-- Data to examine follows --

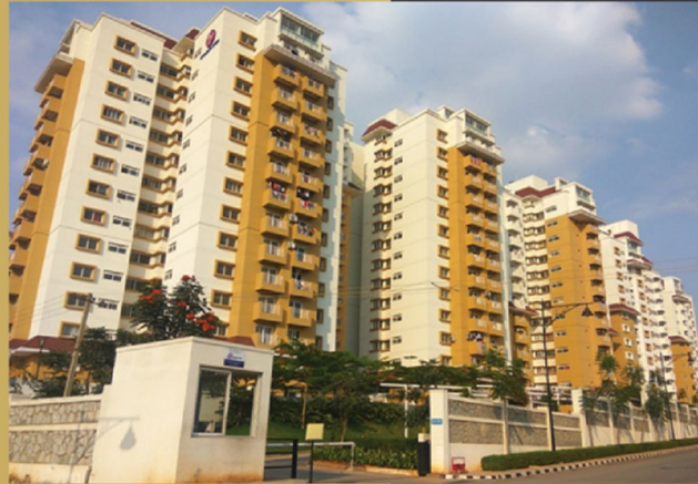
Mantri Webcity 2 - Bangalore
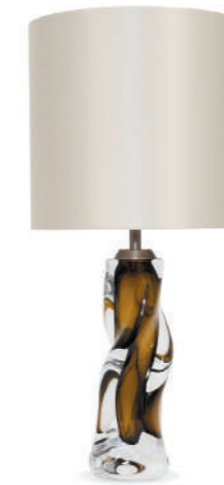
VORTEX TABLE LAMP TL816 AMBER & WITH 10" DRUM SHADE 12CM [4.7"] DIAMETER X 35.4CM [13.9"] HIGH
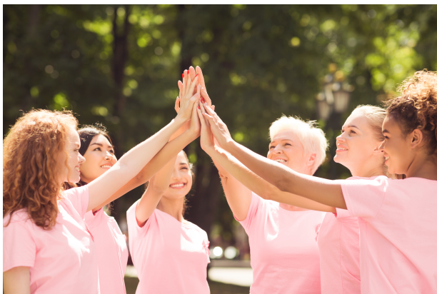
Local & National MBC Patient Advocates, Caretakers and Attendees

MBC Stories: “Illuminating the Path: MBC Awareness and Inspiration”
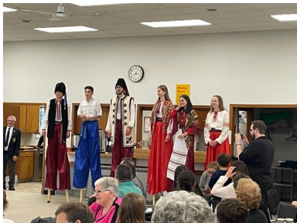
Entertainment- stilt walkers
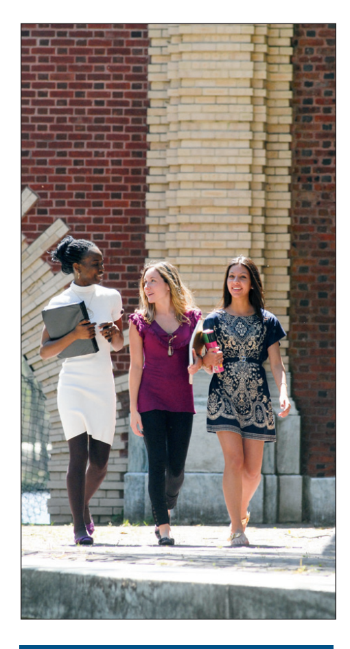
Georgian Court University is an equal opportunity employer.

The university's commitment to the environment and sustainability is
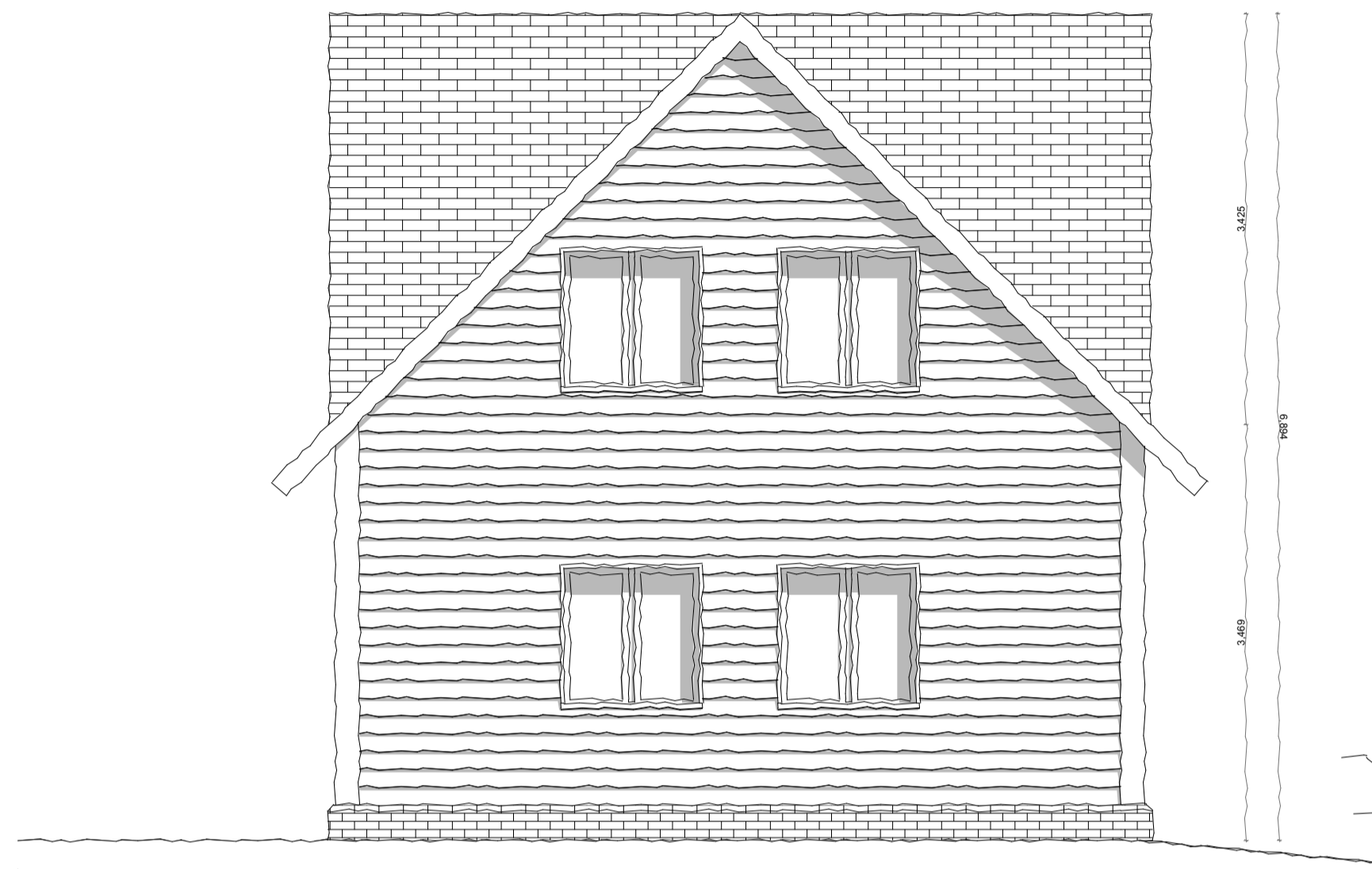
E-05 - Proposed North Elevation 1:50
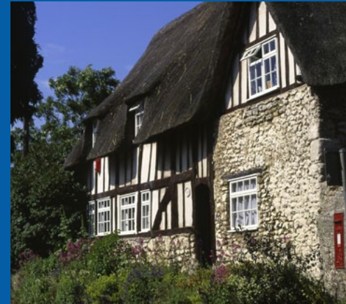
Whether a property has earth bearing against it is a key factor
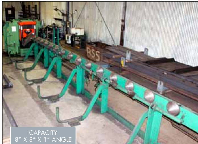
Peddinghaus Anglemaster Model AFCPS-833 (Revolution)
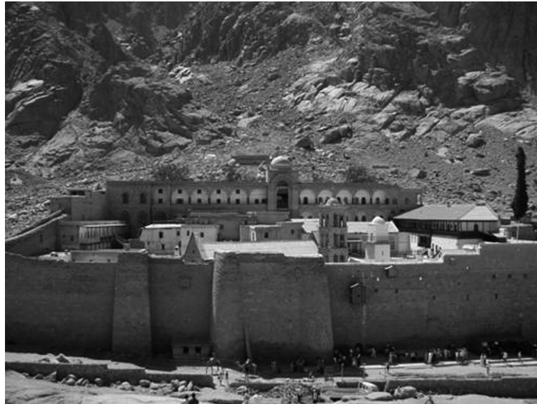
Fig. 4 for Question 4

St. Catherine's Monastery is an Orthodox monastery on the Sinai peninsula at the base of Mount Sinai in Egypt. One of the oldest Christian monasteries in the world, St. Catherine's includes the burning bush seen by Moses and contains many valuable religious icons. This area is sacred to three world religions: Christianity, Islam and Judaism.
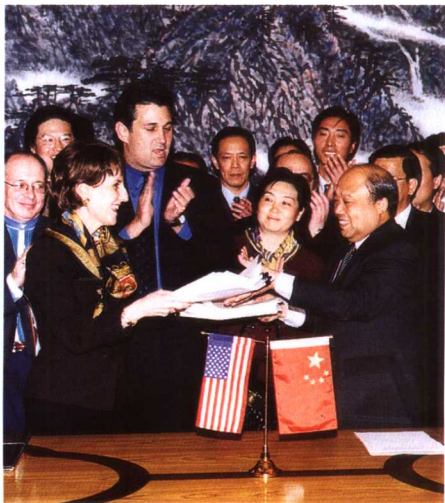
Lower: China and the United States signed the Bilateral Agreement between China and the United States on China's Accession to the WTO on 15 November 1999. Picture: Mr. Shi Guangsheng, Minister of Foreign Trade and Economic Cooperation of the People's Republic of China, and the US Trade Representative Barshefsky exchanging the documents after affixing their signatures on the Agreement
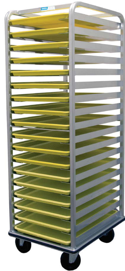
ORV-3-1818-X shown with optional perimeter bumper
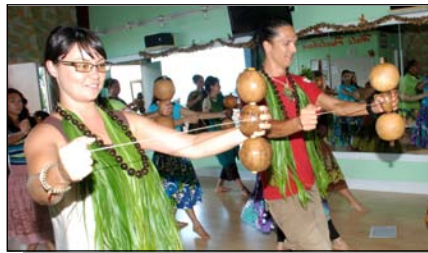
Trying the challenging 'ūlili for the first time. Pull that string!
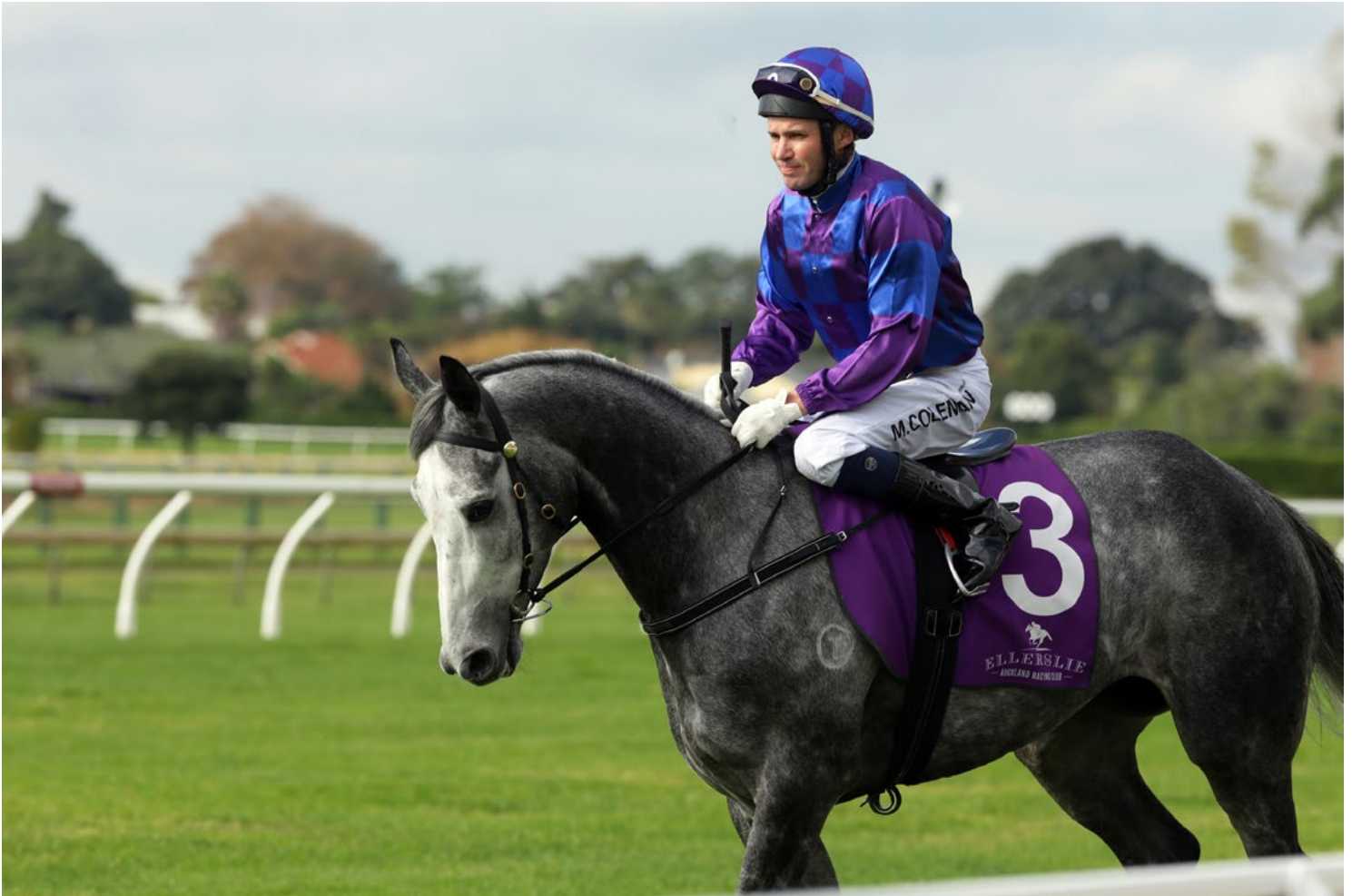
Classy galloper Megablast has taken out the Listed Caloundra Cup
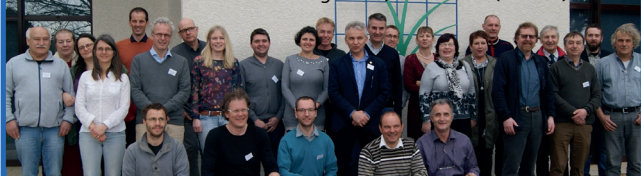
Meeting 2017/Balandran (France)
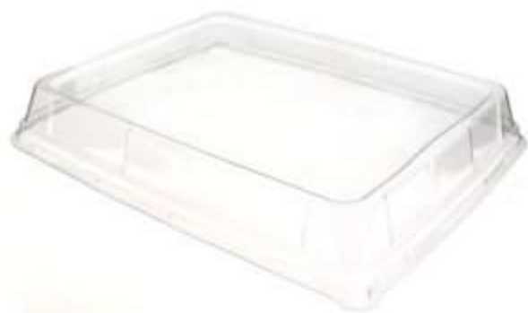
Пластиковая крышка СР4
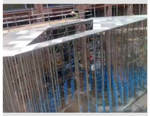
Figure 8: Pavilion under construction

An adhesive plastic protective coating was applied along the length of the columns to protect them during transportation and erection [4]. Following completion of construction, a number of scratches to the column surface were evident at high level. A polisher was adapted such that it would automatically run up and down the height of the columns and remove any visible defects. This purpose-built machine was dubbed the "rat up a drain pipe" and ensured the full beauty of the elegant, impossibly slender columns was achieved.
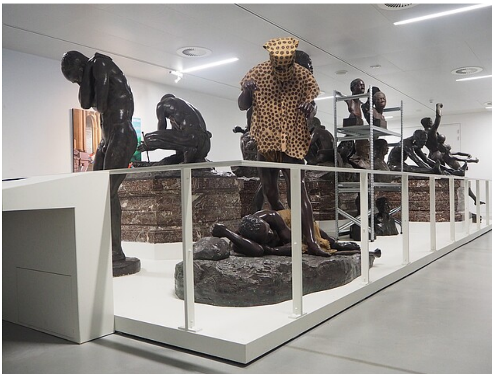
"This is how we looked at Africa before" - open depot in the basement of the museum.
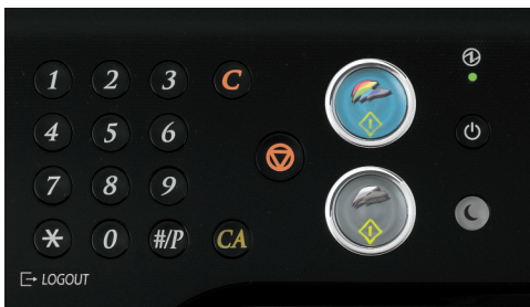
Separate print buttons for B&W and Color allow users to selectively manage use of color

Managing all of the advanced features of your Sharp product is simple and easy. Ask your Authorized Sharp Dealer about the My Sharp website . This dedicated customer training website is customized to your MX-2615N/MX-3115N and allows you to locate resources and find information specific to your configuration, truly helping you maximize your investment.
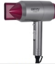
HAIR DRYER CR 2256
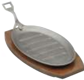
Steak Sizzler Cast Iron - Grey Finish with handle
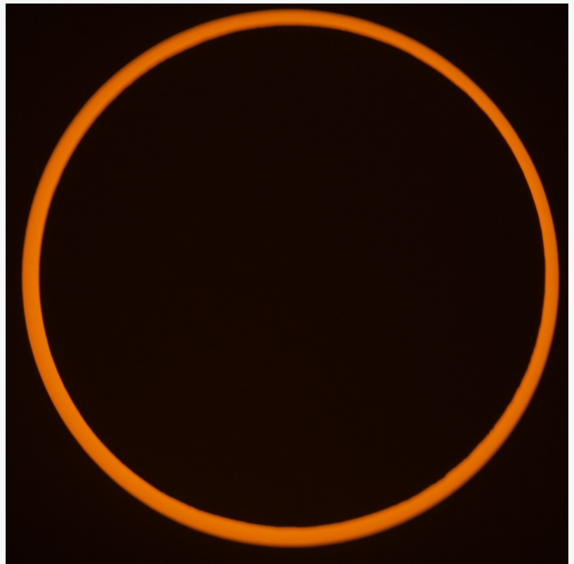
Diamond ring eclipse
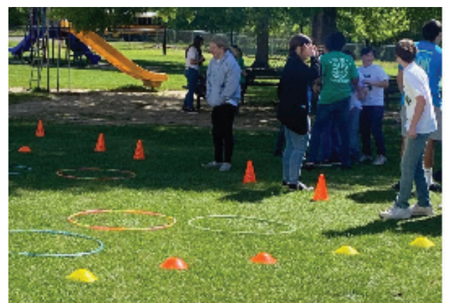
Waiting on the relay races to begin! The 4-H'ers hopped through the hoola-hoops, zig-zagged around the cones and raced back to hand off to their team.
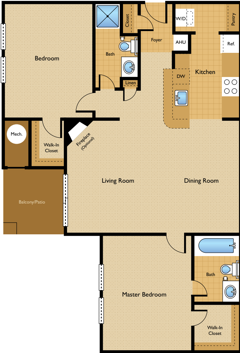
All dimensions are approximate.

-- Data to examine concluded --

▶ _Task statement_:
Lines of the material in which the word "their" occurs are to be copied out.

▶ _Response to this exercise_:
Lower: China and the United States signed the Bilateral Agreement between China and the United States on China's Accession to the WTO on 15 November 1999. Picture: Mr. Shi Guangsheng, Minister of Foreign Trade and Economic Cooperation of the People's Republic of China, and the US Trade Representative Barshefsky exchanging the documents after affixing their signatures on the Agreement
Waiting on the relay races to begin! The 4-H'ers hopped through the hoola-hoops, zig-zagged around the cones and raced back to hand off to their team.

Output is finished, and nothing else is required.